Феликс Максимов - Духов день
- Ну и что?
- А ты не перебивай. Старший ждет, когда появится младший. Долго ждет. Обсыхает, крепнет. Мать или отец, кто у гнезда окажется, те уходят, чтобы не смотреть. Потому что как только младший из яйца выйдет, старший должен его убить. Ему так Бог велел, они родятся братоубийцами. Иначе в тайге родителям не выкормить двоих, только один получит от матушки корм и обогрев. Должен выжить самый сильный, самый ловкий, самый жестокий. Первая пища победителя - расклеванное тело брата.
Но здесь, в Царицыном селе, все не так. Мы, карлики, журавлей холим и подкармливаем, врагов у них нет, нам нужно сохранить весь выводок.
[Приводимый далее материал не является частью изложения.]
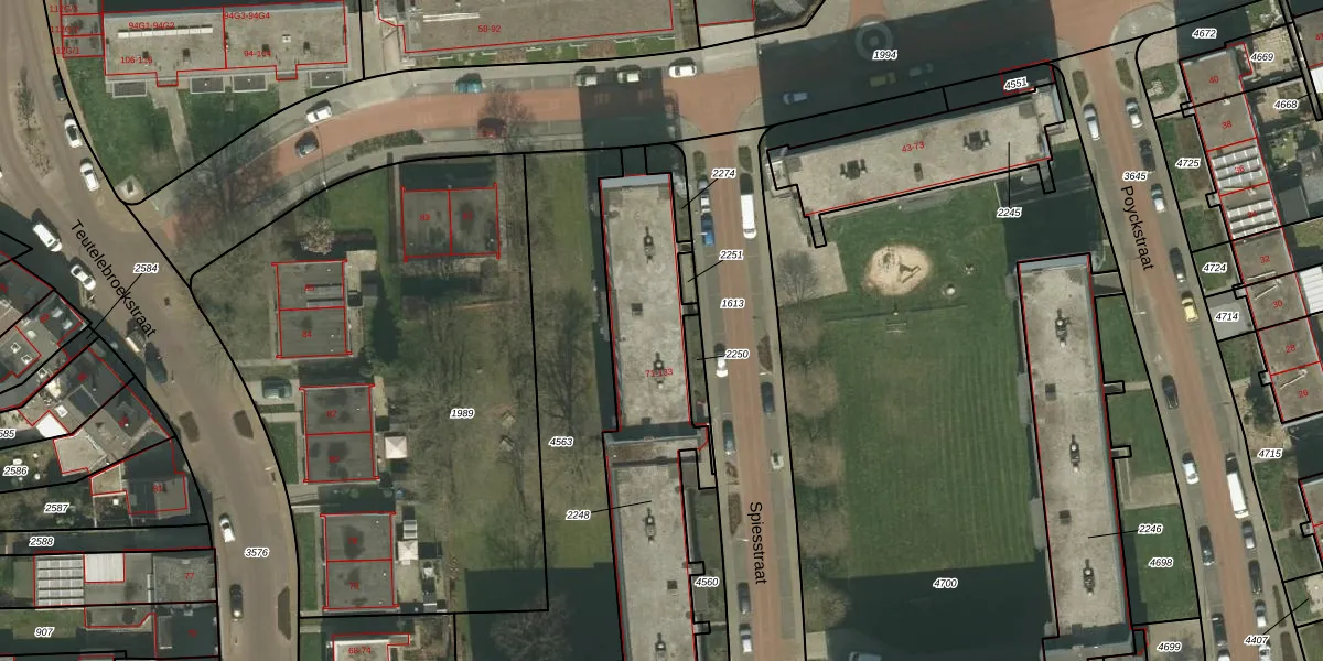 Het perceel waarop Spiesstraat 131 staat heeft een oppervlakte van 1200 m². Dit is een zeer groot perceel. De perceeloppervlakte wordt geregistreerd door het Kadaster. Gedetailleerde informatie over de maten van dit perceel kunt u vinden in het rapport Kadastrale kaart met maatvoering van Spiesstraat 131.

Для того здесь в шалаше и посажены журавлиные пастушки.
Братья-журавли друг друга убивают только первый час по рождении, а потом ничего, терпят... Мы подстерегаем боевое время и разгоняем их хворостинками, так, чтобы не покалечить.
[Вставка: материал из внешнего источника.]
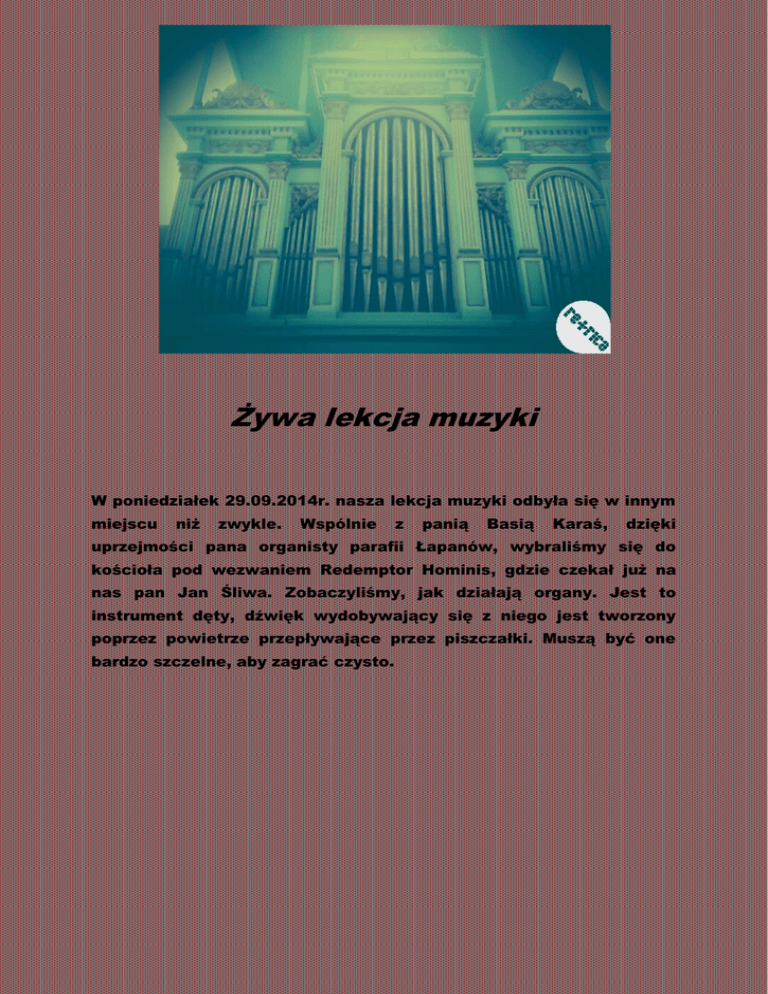 Żywa lekcja muzyki W poniedziałek 29.09.2014r. nasza lekcja muzyki odbyła się w innym miejscu niż zwykle. Wspólnie z panią Basią Karaś, dzięki uprzejmości pana organisty parafii Łapanów, wybraliśmy się do kościoła pod wezwaniem Redemptor Hominis, gdzie czekał już na nas pan Jan Śliwa. Zobaczyliśmy, jak działają organy. Jest to instrument dęty, dźwięk wydobywający się z niego jest tworzony poprzez powietrze przepływające przez piszczałki. Muszą być one bardzo szczelne, aby zagrać czysto. Nasze organy parafialne wyprodukowano w 1919 roku. Zostały one przeniesione z kościoła pod wezwaniem św. Bartłomieja. Okazało się, że podczas jednego z występów chóru, grupa osób oparła się o piszczałki, przez co zostały one zgniecione. Na szczęście udało się je wyprostować. W kościele przez chwilę nie było prądu, więc musieliśmy własnoręcznie wprowadzić powietrze do organów poprzez tzw. kalikowanie. Zobaczyliśmy też wielki zbiór pieśni kościelnych pana organisty. Serdecznie dziękujemy panu organiście za możliwość poznania fragmentu historii naszego Kościoła, bo przecież muzyka nieodłącznie towarzyszy Kościołowi i jest jednym z najbogatszych Jego tworzyw. Kacper Rogowski Michał Sobczyk W imieniu uczniów naszej szkoły dziękujemy również za lekcję śpiewu poświęconą św. Janowi Kantemu (16 października 2014r.), dzięki której uroczystość ku czci Patrona Szkoły mogła być jeszcze piękniejsza.

- А... Всегда ли - старший младшего? Хоть один раз на десяток гнезд, разве не бывает наоборот?
- Разберешь у них, кто старший, кто младший, когда драться начали, - пожала плечами Рузя, - я думаю, кто поспел, тот и смел. Кто о первородстве будет помнить, когда череп раскроят.
- А что же матери с отцами, так и смотрят на убийство в бессилии? - спросил Кавалер, сухо в горле стало, горячо так под кадыком, что не тронь...
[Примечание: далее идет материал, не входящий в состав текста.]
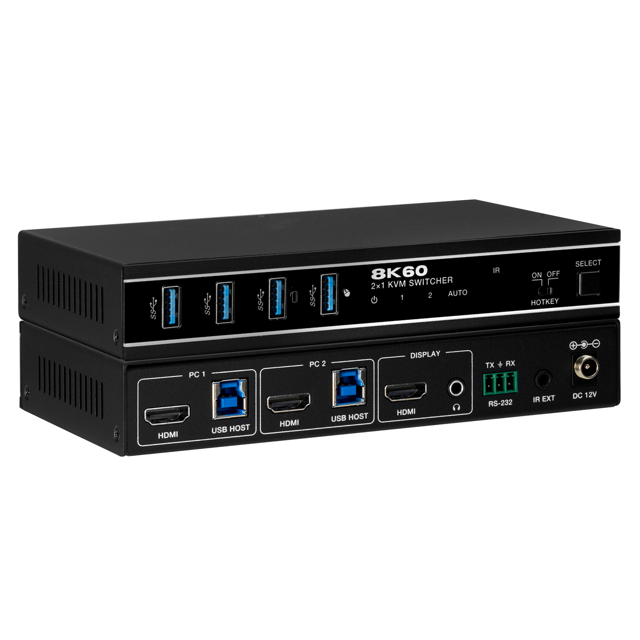 The KanexPro KVM-2X1HDMI8K is a 2x1 KVM Switcher with hotkey switching. It supports resolutions up to 8K@60Hz 4:2:0 10bit and can also transmit USB 3.0 signal up to 5Gbps for KVM function.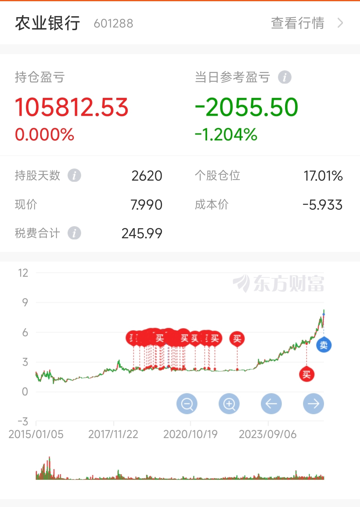$农业银行(SH601288)$ 兄弟们一年就买几千块钱,买了8年了。今天我换仓了,继续坚持等分红。兄弟们发财,下个10年见。

- Отец и мать уходят, я же тебе сказала. Так Бог придумал, Он добрый, бережет материнское сердце - каково ей из двоих любимых выбирать одного. Подожди, я послушаю...
Рузя выползла наполовину из шалаша - жадно слушала, впивала полночь. Заботливой ручкой заправила легкие пряди за уши. Поёжилась от прохлады.
- Скорей! Пора...
Прянула в млечные сумерки китайской тенью-гимнасткой, Кавалер еле успел вслед за ней.
В пятом гнезде сражались два птенца - нелепые, будто Нюрнбергские заводные уродцы, крылья клешневатые, глазницы впалые, все в слизи - а к смертной драке приучены добрым Богом с рождения.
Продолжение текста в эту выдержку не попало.